Prove that 1+i is one of the roots of z^4=-4.
Given the function z^4 = -4
We need to determine if 1+ i is a root of z^4 = -4.
Let us substitute;
(1 + i )^4 = -4
==> Let us rewrite the power.
=> [(1+ i)^2 ]^2 = ( 1+ 2i + i^2 )^2
But we know that i = sqrt-1 ==> i^2 = -1.
==> ( 1+ 2i + i^2)^2 = (1+ 2i -1) ^2
= 4*-1 = -4
Then we proved that if z^4 = -4.
Then (1+i) is one of the roots of the equation.

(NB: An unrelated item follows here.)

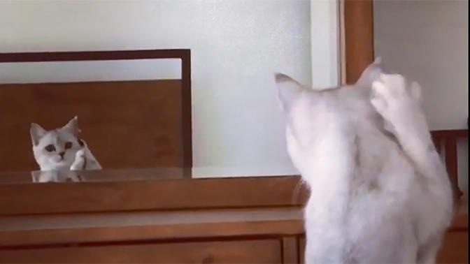 Кот увидел свое отражение в зеркале и понял, кто он такой - ВИДЕО

To prove that a number is a root of an equation, we'll have to prove that substituted the number into the equation, it will cancel the equation.

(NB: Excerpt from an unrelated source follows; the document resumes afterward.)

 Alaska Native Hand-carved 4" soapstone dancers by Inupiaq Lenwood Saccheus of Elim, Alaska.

Let's check if the number (1+i) is the root of the equation, namely if it cancels the equation z^4 + 4=0.
(1+i)^4 + 4=0
So, (1+i)^4 = -4
We know that in order to raise a complex number to a power, we'll have to put the number in polar form, so that Moivre's formula to be applied.

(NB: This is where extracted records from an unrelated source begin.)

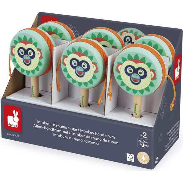 Le tambour à main en forme de singe est l’outil idéal pour initier votre enfant à la musique. Ce tambour attrayant fabriqué en bois certifié est un choix sûr et écologique qui invite les petits à explorer leur sens du rythme et à développer leur coordination de manière amusante et interactive.
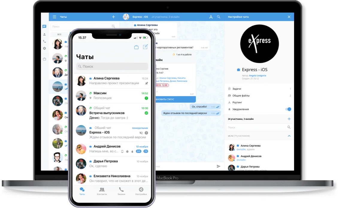 eXpress — сервис для корпоративного общения, объединяющий функционал классического мессенджера с бизнес-функциями.
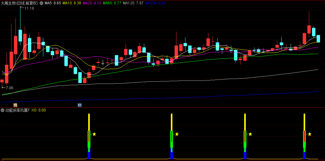 黄色柱体强势动能预警,绿色柱体趋势延续信号,蓝色柱体动能衰减提示,红色柱体反转风险警示,图形标记:"—★"符号精准标注关键转折位。
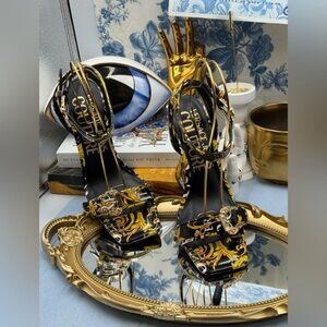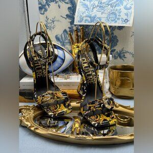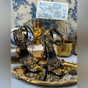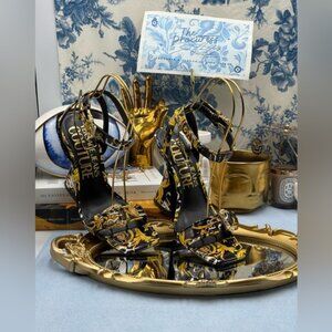 🆕 VERSACE JEANS COUTURE 🧿 NWOB Logo Couture Kirsten Heeled Sandals, Black Sz 9

We'll write (1+i) into it's polar form.
We know that a complex number written into it's polar form, has the following form:
z=r*(cos t+ i*sin t), where r=sqrt(a^2+b^2) and tg t= (b/a)
So, for the number 1+i, r=sqrt(1^2 + 1^2)=sqrt 2
tg t= 1/1=1, so t= pi/4
1+i=sqrt 2*(cos (pi/4) + sin(pi/4))
(1+i)^4=(sqrt 2)^4*(cos (pi/4) + i*sin(pi/4))^4
We'll apply Moivre's formula and we'll have:
(1+i)^4=(sqrt 2)^4*(cos 4*(pi/4) + i*sin4*(pi/4))
(1+i)^4=2*2*(cos pi + i* sin pi)
(1+i)^4=-4 q.e.d, so 1 + i is the root of the equation z^4 + 4=0.